“Goods” means any goods and/or services provided by the Company as ordered by the Client
“ Company” means TNC Digital Media.
“ Client” means the person, firm or company placing an order with the Company.
These terms and conditions apply to any provision of services or materials by the Company to the Client.
All Goods sold by the Company are sold subject to the Company’s standard terms and conditions (as detailed below) which form part of the Client’s contract with the Company. Terms and conditions on the Client’s order form or other similar document shall not be binding on the Company.
The prices, quantities and delivery time stated in any quotation are not binding on the Company. They are commercial estimates only which the Company will make reasonable efforts to achieve.
Orders will be deemed to have been placed when an email confirmation or similar documentation has been received from a responsible executive of the client company.
Unless otherwise agreed the Company shall be entitled to sub-contract all or any part of the work.
The Company will use its best endeavours to supply the Goods within the quoted time but will not be liable for timetable not being met.

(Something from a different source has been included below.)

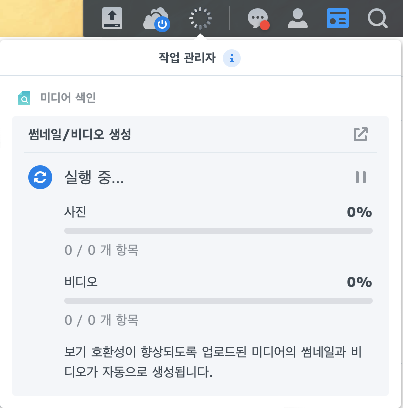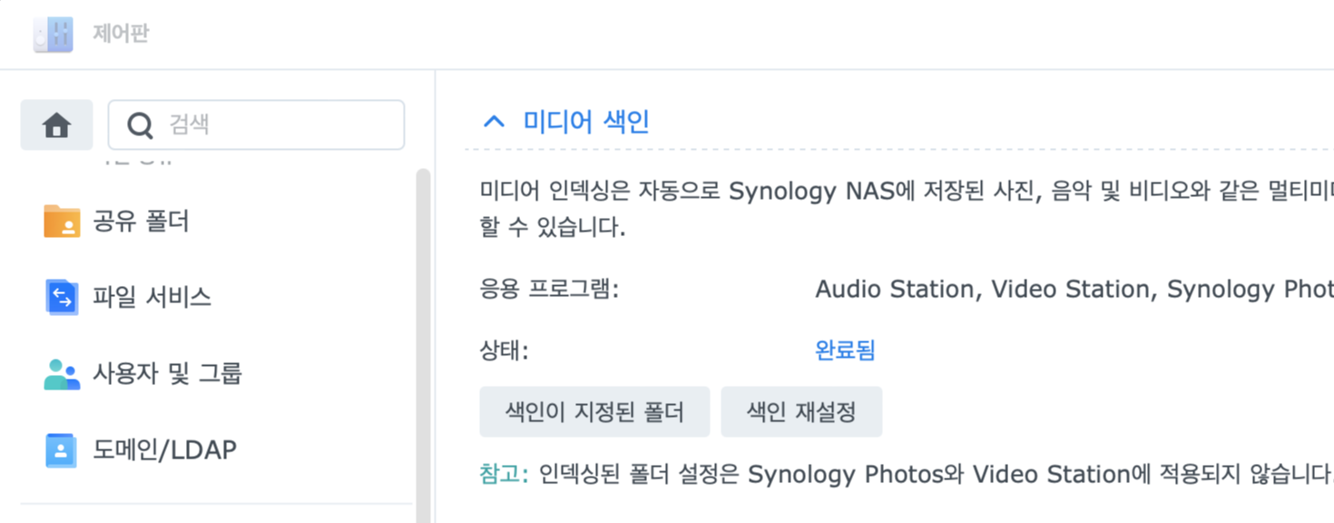 미디어 색인 상태가 완료됨으로 표시돼도 실제 색인이 계속되고 있는 경우가 있네요. DSM 7 버전을 업그레이드해서 사용 중인데 아직 좀 문제가 있어 보입니다.
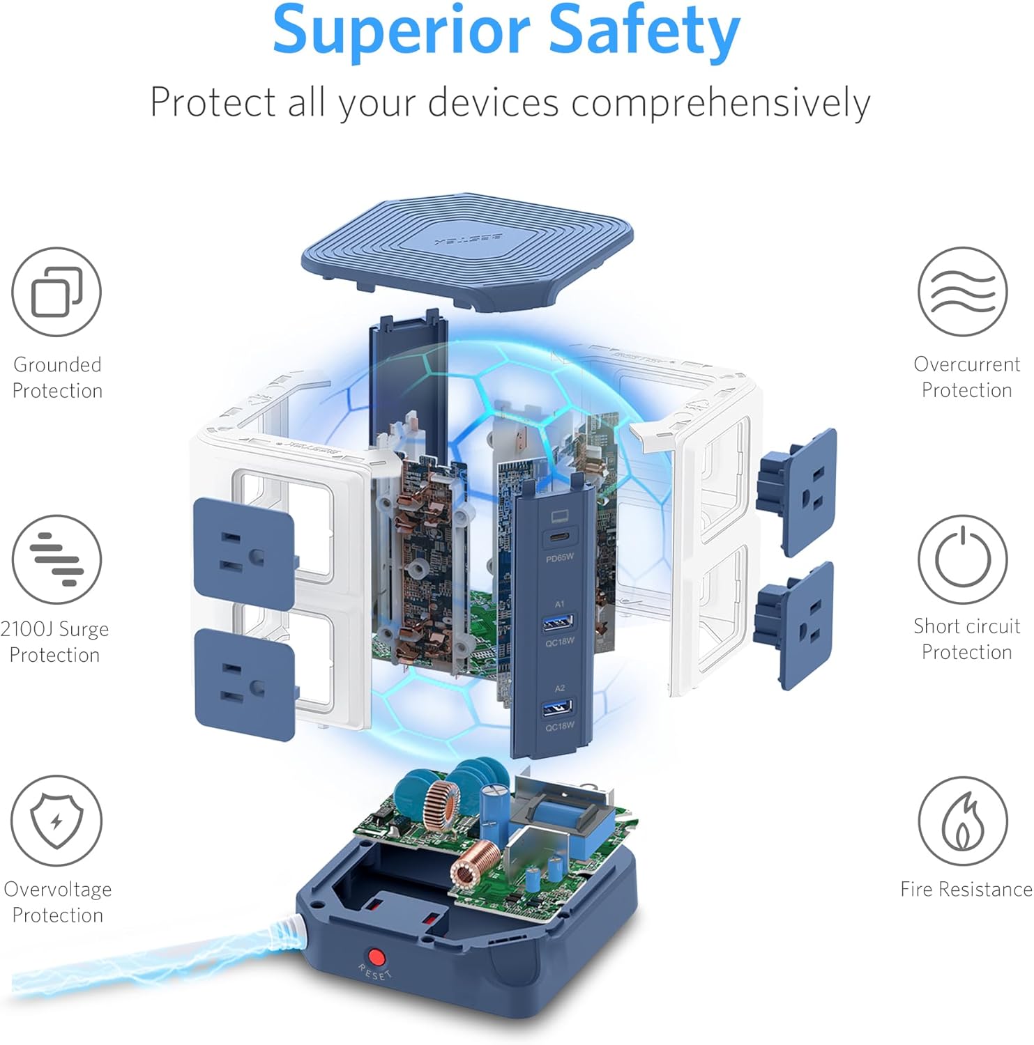 - 11-in-1 Power Strip with USB Ports: 8 outlets extender with 2 USB-A Ports and 1 USB-C PD 65W port to make full use of this power strip, and charge multiple devices at once.

The Client acknowledges that the rights to the Goods are owned by the Company and that the Goods are protected by Republic Indonesian copyright laws, international treaty provisions and all other applicable national or international laws.
The risk of loss or damage to the Goods shall pass to the Client upon delivery of the Goods.
10.1 Payment for goods may be required when ordering in full or up front.
10.2 Invoices issued by the Company shall be paid by the Client within thirty (30) days of the date of invoice unless otherwise agreed in writing by the Company. In the event of late payment, the Company may charge interest on the amount outstanding before and after judgement at the rate of five (5) percent above the Bank of Republic Indonesian Base Rate in force from the due date until the date of payment. In addition, invoices unpaid for more than 60 days after the invoice date will incur a surcharge of either 5% of the outstanding amount, whichever sum is greater.
10.3 If any amount of an invoice is disputed then the Client shall inform the Company of the grounds for such dispute within seven days of delivery of the goods and shall pay to the Company the value of the invoice less the disputed amount in accordance with these payment terms. Once settlement of the dispute has been agreed, any sum then outstanding shall also be payable in accordance with these payment terms.
10.4 The Company reserves the right to increase a quoted fee in the event that the client requests a variation to the work agreed.
Title to Goods supplied shall remain vested in the Company and shall not pass to the Client until the purchase price for those goods has been paid in full and received by the Company.
Any order – once confirmed by the Company – is not cancellable. Cancellation of the Order by the Client will only be accepted on condition that any costs, charges and expenses already incurred, including any charges that will be levied by a sub-contractor on account of their expenses, work or cancellation conditions will be reimbursed to the Company forthwith.
The majority of goods are supplied by the company are despatched via courier and shall be deemed as having been delivered when the delivery has been signed for by the client.
The Company will be entitled to charge the Client for any expenses of delivery other than normal postage charges.
All written notices to be served on or given to the client shall be sent or delivered to the client’s principal place of business and shall be treated as having been given upon receipt.
The Company will take all reasonable steps to ensure the protection from loss, damage or destruction of the goods it supplies to the Client.